Avevamo anche impostato il decennio 2020-2030 con un Dossier programmatico di apertura sulla “sinodalità missionaria”, quello pubblicato nel gennaio 2020, esattamente un anno fa. Stavamo quindi ragionando sulle prospettive del Sinodo sia a breve che a medio termine. Il tutto ci portava a sognare la Chiesa in cammino con i giovani verso le periferie del mondo. Direi che, dai tetti in giù, le cose stavano andando bene per la pastorale giovanile. Certo, il cammino non sarebbe stato facile, infatti il Dossier di apertura aveva come sottotitolo parole assai impegnative: “Cammini di conversione spirituali, formativi e pastorali”.
E poi è arrivato l’evento della pandemia. Perché di “evento” nel significato teologale del termine si tratta. Nel senso di qualcosa che nessuno di noi ha pensato, né programmato, né pianificato. Un’esperienza del tutto imprevista nel nostro contesto globalizzato. Possiamo dire che proprio partendo da qui abbiamo fatto diverse esperienze in un certo senso “nuove”: da una parte molta solitudine e sofferenza, e siamo venuti a contatto ravvicinato con la realtà della morte; dall’altra altrettanta solidarietà e condivisione, perché ci siamo sentiti partecipi di un destino comune. Non sappiamo se ciò che sta accadendo nel suo insieme ci migliorerà o ci peggiorerà, certamente non potrà lasciarci indifferenti. Ogni nuova dinamica di vita sfida la nostra libertà e ci chiede di schierarci e di riposizionarci.

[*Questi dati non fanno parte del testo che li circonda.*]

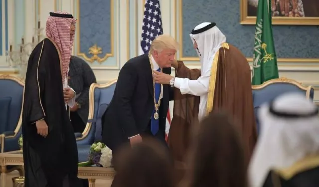 الملك سلمان يمنح ترامب قلادة الملك عبد العزيز، مايو 2017

Nemmeno lo avremmo immaginato, questo evento davvero “apocalittico”, cioè – nel suo senso genuino – rivelativo. Chi l’avrebbe mai detto che questo sarebbe stato per noi il tempo dell’apertura del “quarto sigillo” da parte dell’agnello immolato fin dalla fondazione del mondo:

Quando l’Agnello aprì il quarto sigillo, udii la voce del quarto essere vivente che diceva: “Vieni”. E vidi: ecco, un cavallo verdastro. Colui che lo cavalcava si chiamava Morte e gli inferi lo seguivano. Fu dato loro potere sopra un quarto della terra, per sterminare con la spada, con la fame, con la peste e con le fiere della terra (Ap 6,7-8).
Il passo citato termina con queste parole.